---- Supplied material
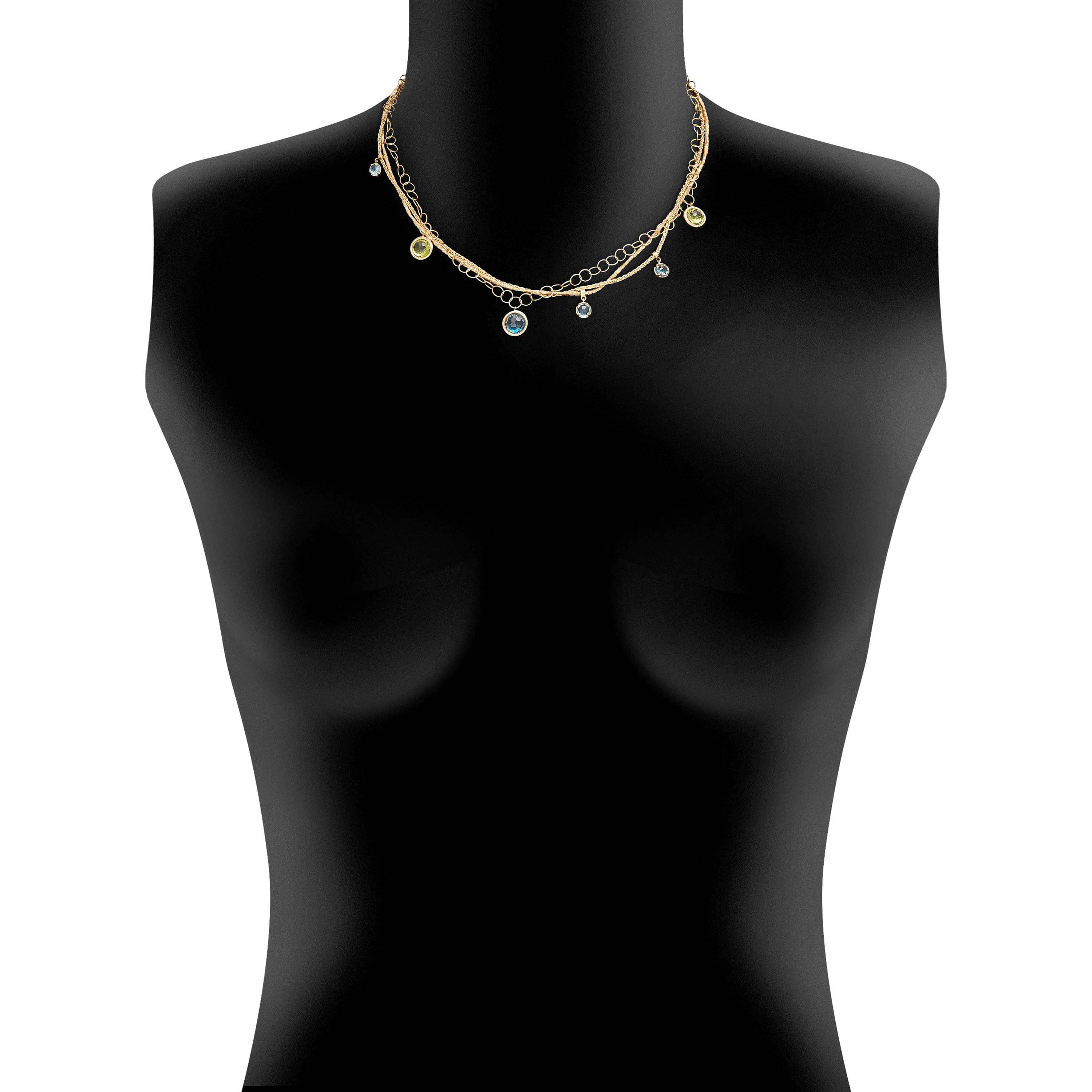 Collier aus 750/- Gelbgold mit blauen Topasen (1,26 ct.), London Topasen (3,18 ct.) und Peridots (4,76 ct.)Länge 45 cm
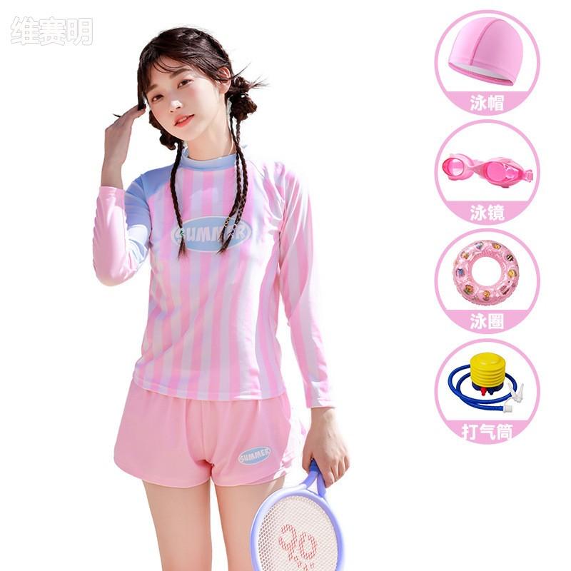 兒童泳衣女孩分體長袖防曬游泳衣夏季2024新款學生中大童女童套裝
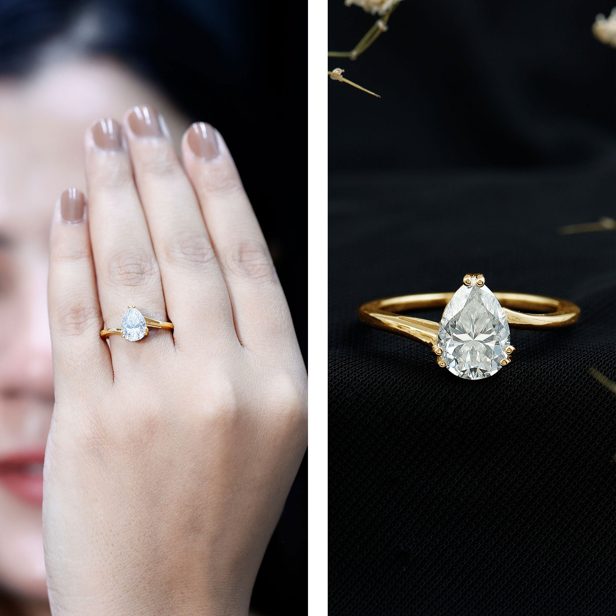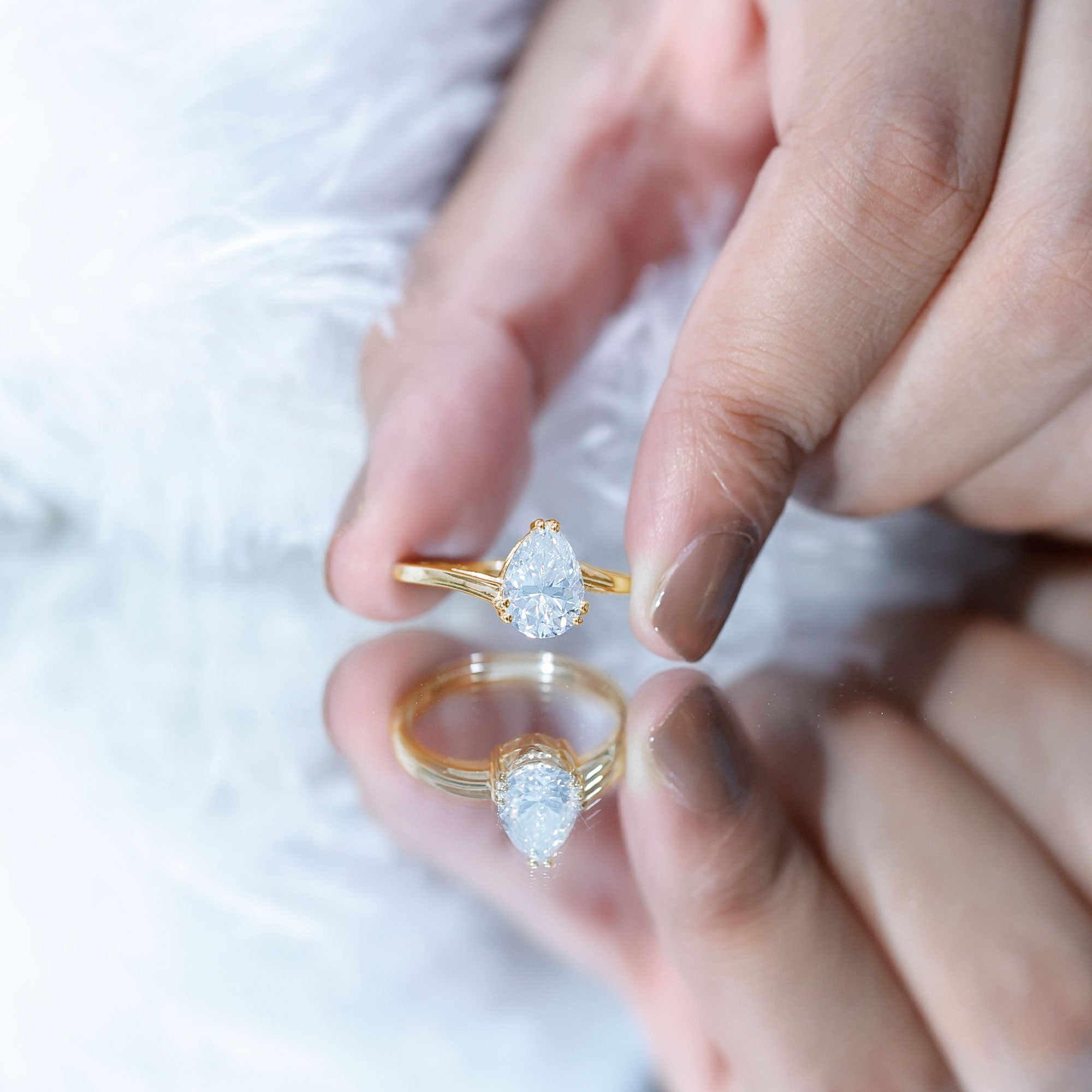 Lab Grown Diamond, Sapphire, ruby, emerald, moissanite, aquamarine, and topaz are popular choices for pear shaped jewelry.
--------
---- Supplied material
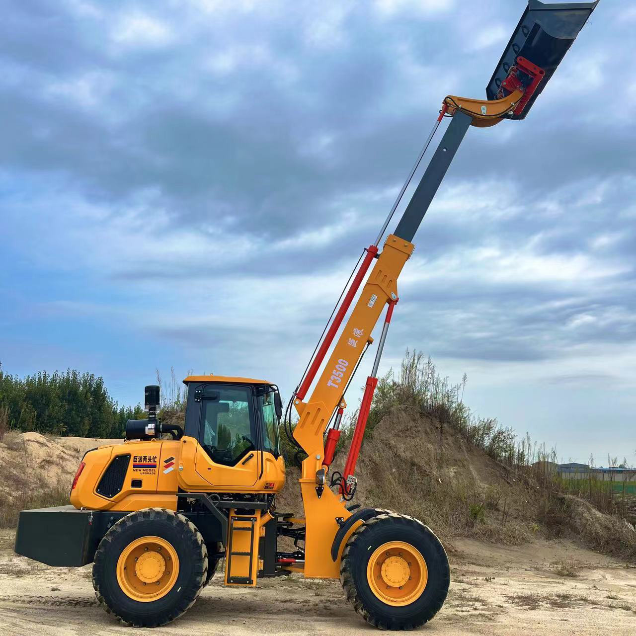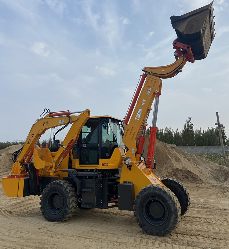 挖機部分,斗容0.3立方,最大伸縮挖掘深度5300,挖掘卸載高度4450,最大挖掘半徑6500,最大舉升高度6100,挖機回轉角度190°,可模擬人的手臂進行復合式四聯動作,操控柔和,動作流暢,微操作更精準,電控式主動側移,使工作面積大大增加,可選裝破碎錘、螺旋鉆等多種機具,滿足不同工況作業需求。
--------
---- Supplied material
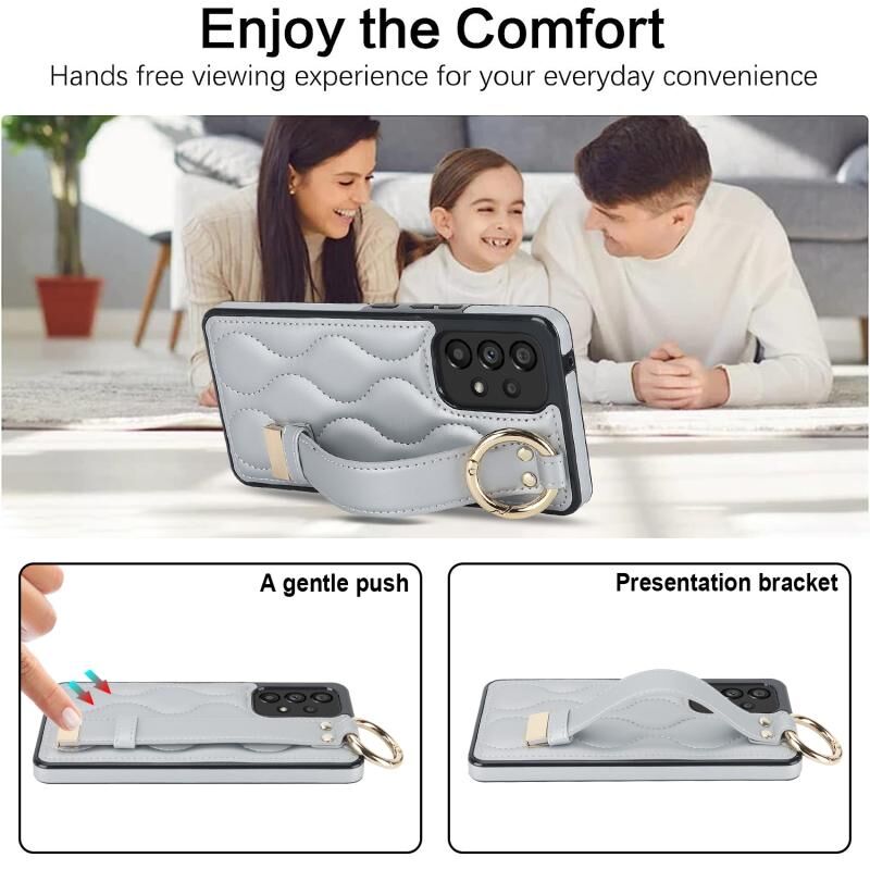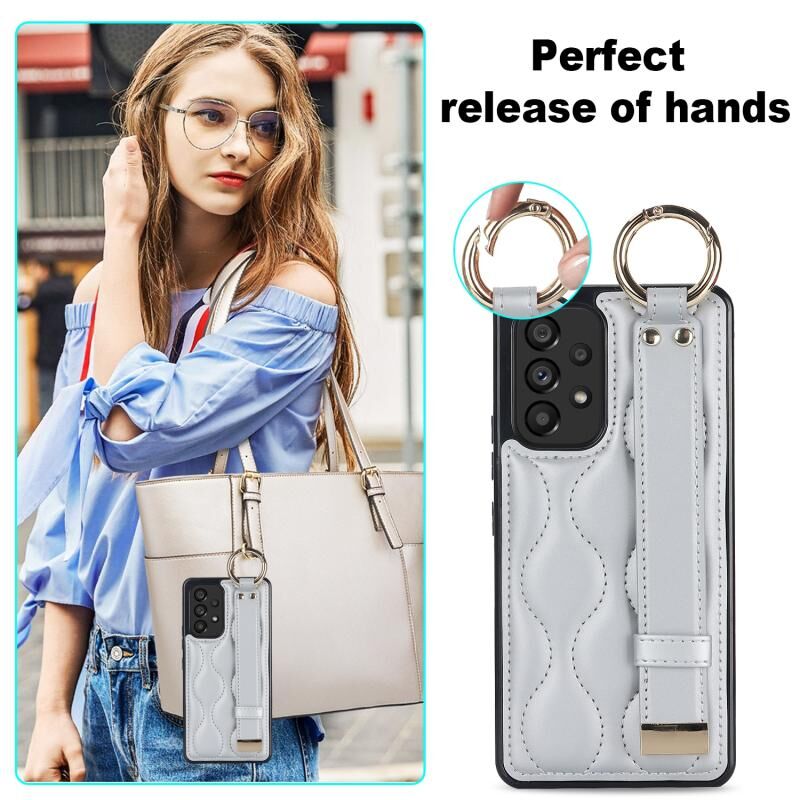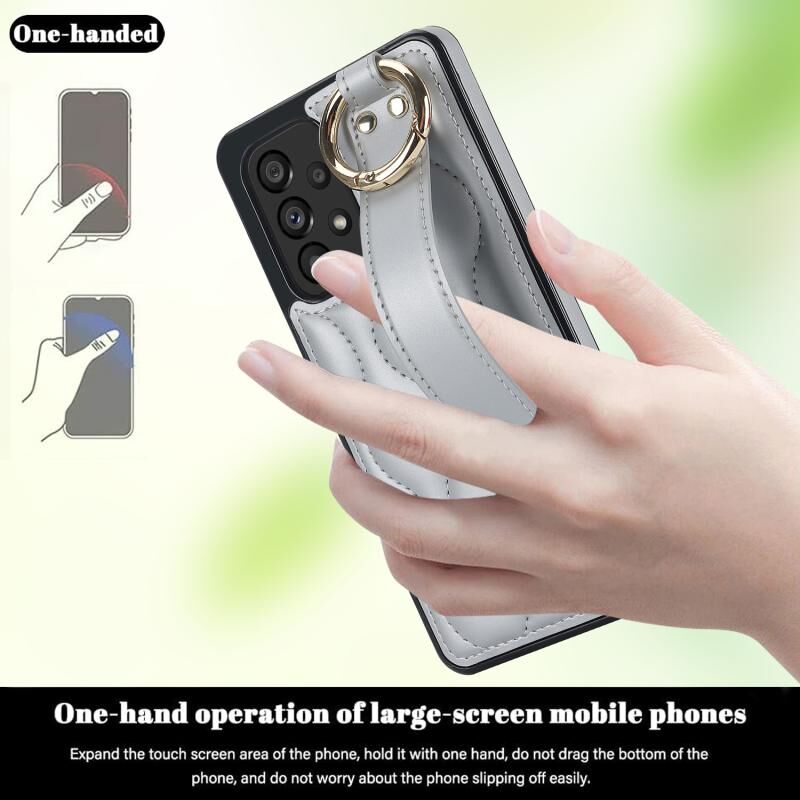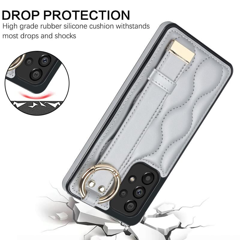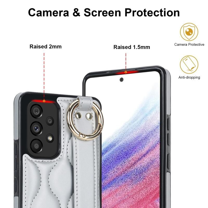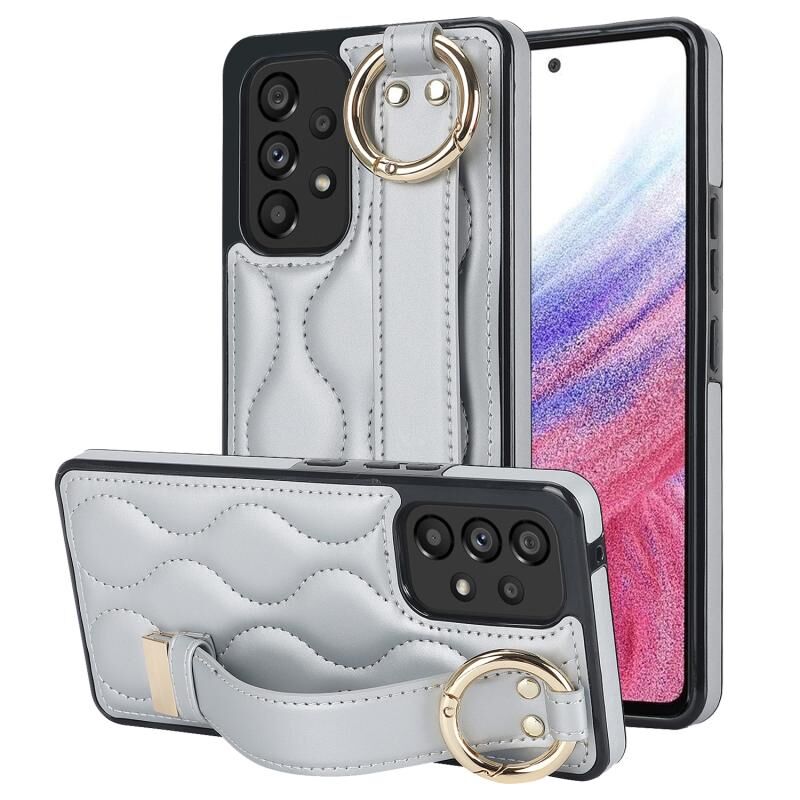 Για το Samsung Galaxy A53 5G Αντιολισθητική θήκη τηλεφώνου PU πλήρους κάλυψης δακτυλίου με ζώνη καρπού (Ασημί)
--------
## Problem statement
With the pictures omitted, restate word for word the lines above from the line that has "Collier aus 750/- Gelbgold" up to and including the line that has "pear shaped jewelry.", and no other lines.

## Solution below
 Collier aus 750/- Gelbgold mit blauen Topasen (1,26 ct.), London Topasen (3,18 ct.) und Peridots (4,76 ct.)Länge 45 cm
 兒童泳衣女孩分體長袖防曬游泳衣夏季2024新款學生中大童女童套裝
 Lab Grown Diamond, Sapphire, ruby, emerald, moissanite, aquamarine, and topaz are popular choices for pear shaped jewelry.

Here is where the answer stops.